Dad tidak pernah menangis di depanku, atau memang dia tidak ingin aku melihat sisi melankonisnya. Dan aku tidak perah menilai Dad sebagai sosok yang lemah; dia lelaki paling kuat yang pernah kutahu, tapi kehilangan putri kesayangannya, lalu disusul istrinya tercinta, aku tidak akan menilainya sebagai sosok lemah apabila dia menangis di depanku sekarang. Jadi saat Dad menekan wajah dengan tangannya dan mulai terisak, aku hanya bisa menatapnya.

Untuk kedua kalinya, aku melihatnya hancur.

"Kau tidak lapar?" tanyanya, setelah tangisnya reda.

Aku menggeleng.

"Bibi Gong membuat pie apple," kata Dad, lagi.

Aku suka pie apple buatan Mom, suka wangi aromanya saat dikeluarkan dari oven. Aku akan menunggu Bibi Gong membuat pie apple, menunggunya mengeluarkan dari dalam oven, menarik napas dalam berharap menemukan aroma yang sama, tapi tak pernah kudapatkan. Pie apple buatan Mom berbeda dengan yang lain. Bibi Gong tidak bisa menandinginya, sekalipun wangi aromanya, bahkan ketika Mom memanggangnya sedikit lebih lama, sedikit gosong bagian bawahnya, sementara buatan Bibi Gong sempurna, pie apple buatan Mom yang terbaik. Dan tidak peduli berapa banyak pie yang aku masukkan ke dalam perut, tidak bisa membuatku berhenti menginginkan pie apple buatan Mom.
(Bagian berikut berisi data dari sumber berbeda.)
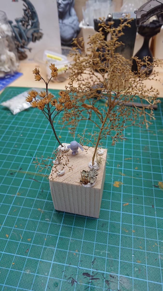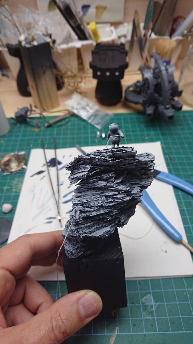 Da ich gerade meine ganzen Schneebasesachen bekommen habe, war ich versucht das Ganze im Schnee stattfinden zu lassen. Passt eh gut zu Russland und gefiel mir. Also einmal die FIguren aufgeklebt und den Bodenbelag aufgetragen. Der kleine Yuri steht dabei auf einem Korkfelsen: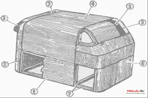 1 - боковая панель (фанера или доски); 2 - углы (прямые) из фанеры, 3 - углы двоякой кривизны из гипса; 4 - крышевая панель (фанера с загибом на борта), 5 - панель скошенной части кузова (фанера с загибом на крышу), 6 - торцевая панель (фанера с загибом на борта), 7 - бруски каркаса.

Dad menghela napas, sadar kalau aku tidak menginginkan pie apple saat ini. "Kau harus mulai merelakannya, Al."

"Apa kau juga sudah merelakannya? Bahkan aku ragu kalau detik ini kau sudah merelakan Aby."

Dad terlihat ingin menyanggah, tapi dia hanya menutup mata. Aku ingin tertawa; dia tidak bisa menyuruhku kalau dia sendiri bahkan masih terjebak dalam kesedihan tiga tahun yang lalu.

"Kau tahu, aku hanya tidak ingin kehilangan putriku yang lain."

Satu kalimat itu membuatku tidak bisa tidak menangis -lagi. Inilah hidupku, dengan pikiranku yang dangkal aku akan mengartikan kalau aku hanya pilihan terakhir, tapi hidup yang kujalani satu tahun terakhir membuatku sadar, Dad juga mencintaiku, namun dengan cara yang berbeda.

Tidak berani menatap matanya, aku mengatakan apa yang selama ini ingin kukatakan padanya, "Dad, aku tidak mau kesedihan ini mengambil alih hidupku. Aku ingin lepas dari semua pikiran yang membuatku merasa tersesat. Aku ingin hidup."

Dad memelukku. Sesuatu yang basah menyentuh kulit kepalaku. Dad menangis. "Aku mengerti."